The strangest thing in my opinion, is that the kids here in United States pretty much rebel against their parents. They are yelling to their parents, and they don't obey their parents. Even though there are some kids who do not do these things, it really surprised me when I first came here. But I realized that everything is just different and I believe that in every single way of life there will be good and bad.

Before I came here, my grandparents did not agree with the idea of me coming to United States. They thought, and even they still think, that United States is not a good country for me especially because I am a Muslim. But my parents believed I would be fine and easily adjust to the culture and society in United States.

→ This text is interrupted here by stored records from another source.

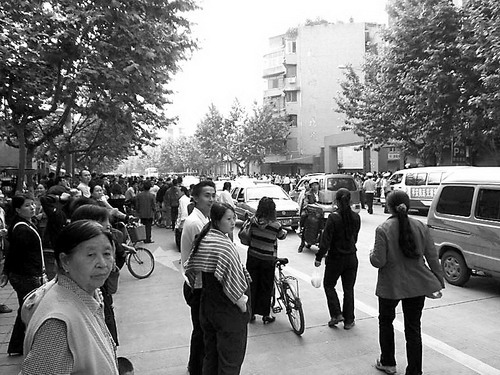 百姓圍觀,警方在醫(yī)院周?chē)鹁渚。杜先福攝
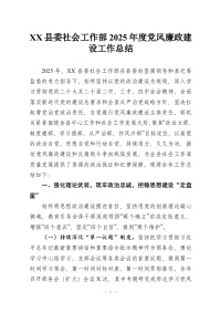XX县委社会工作部2025年度党风廉政建设工作总结
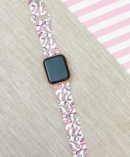 Pink Ribbon Printed Silicone Smart Watch Band - S/M
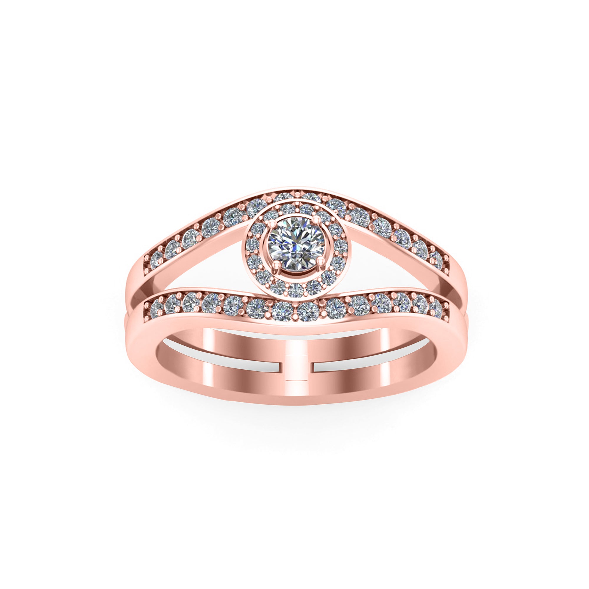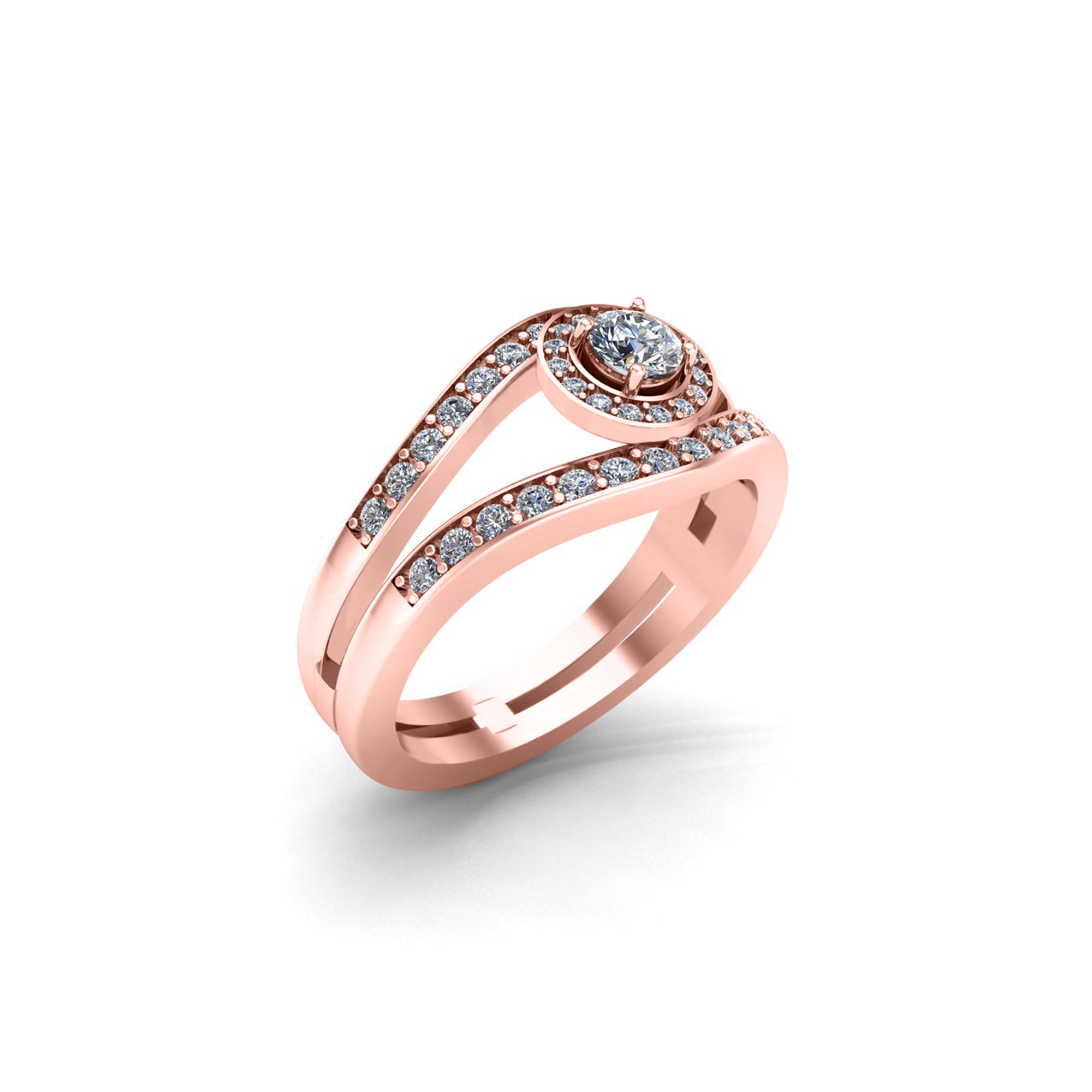 RKC خاتم زفاف مويسانيتي دائري ميلجرين سوليتير 925 فضة مطلي بالذهب الوردي وزن 4.70 جم عرض 2.50 مم
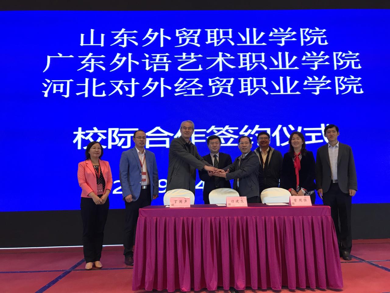 论坛举办期间,刁建东代表学院与河北对外经贸职业学院院长丁国声、广东外语艺术职业学院院长曾用强签署了《国内交换生项目框架协议》。三所院校将根据专业人才培养方案,互派学生到相同、相近专业学习,充分发挥优势资源,共同探索职业院校协同育人机制,打造全方位多渠道协同育人环境。
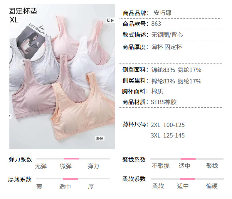 안차오나 863 중노년층용 얇은 고정컵 조끼형 브라, 큰 가슴 처짐 방지 속옷, 무봉제

I then went to the airport with my parents and flew for 24 hours through Singapore, Germany, and then arrived in Washington, DC. It was a tiring journey, but it was also very interesting.

The first time I met my host family, I was so nervous and scared about being with an American family because I heard a lot from most people that Americans are selfish. But then I found something different about American family. They are not as bad as I thought or the other people thought.

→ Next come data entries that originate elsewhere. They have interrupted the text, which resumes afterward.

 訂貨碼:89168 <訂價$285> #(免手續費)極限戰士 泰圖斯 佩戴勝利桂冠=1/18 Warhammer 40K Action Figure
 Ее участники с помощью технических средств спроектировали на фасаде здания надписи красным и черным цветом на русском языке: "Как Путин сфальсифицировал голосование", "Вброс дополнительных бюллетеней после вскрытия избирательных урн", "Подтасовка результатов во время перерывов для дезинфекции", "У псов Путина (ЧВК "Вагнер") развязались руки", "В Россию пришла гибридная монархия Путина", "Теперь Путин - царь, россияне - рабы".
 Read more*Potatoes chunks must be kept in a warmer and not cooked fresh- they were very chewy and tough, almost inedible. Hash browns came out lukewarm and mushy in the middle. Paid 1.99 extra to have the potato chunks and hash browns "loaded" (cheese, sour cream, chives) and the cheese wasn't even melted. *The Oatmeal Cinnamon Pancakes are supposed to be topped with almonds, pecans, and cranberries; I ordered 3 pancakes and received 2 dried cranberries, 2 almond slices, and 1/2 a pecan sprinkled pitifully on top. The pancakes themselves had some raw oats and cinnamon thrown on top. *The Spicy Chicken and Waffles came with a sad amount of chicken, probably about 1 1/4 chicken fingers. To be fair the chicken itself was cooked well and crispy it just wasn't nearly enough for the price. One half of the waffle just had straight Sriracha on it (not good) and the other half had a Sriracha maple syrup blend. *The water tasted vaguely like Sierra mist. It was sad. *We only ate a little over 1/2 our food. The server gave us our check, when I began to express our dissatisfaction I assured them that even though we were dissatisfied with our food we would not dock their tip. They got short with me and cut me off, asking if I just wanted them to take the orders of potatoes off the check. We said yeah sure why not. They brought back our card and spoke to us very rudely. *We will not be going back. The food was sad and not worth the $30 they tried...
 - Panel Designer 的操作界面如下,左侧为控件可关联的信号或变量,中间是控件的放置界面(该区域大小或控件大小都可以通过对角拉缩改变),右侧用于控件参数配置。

My host family is so nice and so friendly. I learned a lot from them. They told me a lot of information about what I did not know about United States and Americans. They helped me adjust, and they always try to make me feel like I am part of the family. Friends at my high school are also so nice. I know almost all of the kids or probably they know me more than I know them.

Talking about tsunami, lots of people in my community and school felt so bad for it. They helped me raise money for the tsunami relief efforts. Even though I did not collect a lot of money, I was able to raise a fair amount of money and felt like I did something useful for my country.